Any idea how to proceed?
Comment 35 Takashi Iwai 2024-04-19 09:47:30 UTC
If the issue is still seen with the latest upstream kernel, you should report to the upstream devs and let them fix the bugs.  Care to report from your side?  It's a hardware-specific issue and better to involve you directly.

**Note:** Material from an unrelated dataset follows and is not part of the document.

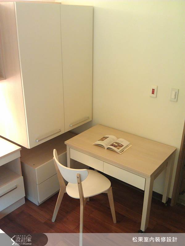 小孩房坪數為2.5坪,底板為深色木紋地板,因此設計師採用白色為房內主色,希望空間能顯得輕盈沒有負擔。同時為了幫小朋友打造適切的書桌與衣櫃,先以床頭箱與床底抽屜式收納櫃,強化小坪數內的收納機能,讓小女孩日後不管到幾歲,都能靈活運用這些收納櫃,書桌可收納到櫃體之中,讓空間使用更加多元。來到小姑房,小小的2坪空間,因為有了高收納機能的衣櫥,讓小姑可以輕鬆收納不同季節、主題的衣物,化繁為簡的設計,讓小坪數空間顯得寬敞不擁擠,展現出簡單就是美的雋永質感。

For the graphics issue of AMDGPU, it'd be gitlab.freedesktop.org Issues.
For the network, you can try to report to bugzilla.kernel.org, too.
Comment 36 ralph roth 2024-04-29 08:58:55 UTC
I don't know how to do that.

Also according to co-workers, the Ubuntu Kernel (6.5) works fine with that hardware constellation.
Comment 37 Takashi Iwai 2024-04-29 14:05:34 UTC
You need to send a bug report to the upstream bug tracker.  e.g. for the graphics issue, at best, gitlab.freedesktop.org; choose the right component (e.g. DRM/Intel or such).  For other issues (igc and PCI core), maybe you can report to bugzilla.kernel.org.

The report from your side is the best as it's pretty much device-specific problem and you are the one who owns and has tested / suffered from the issue.

After reporting, just let us know the URL, and I can join to the reports later for assisting from the distro side.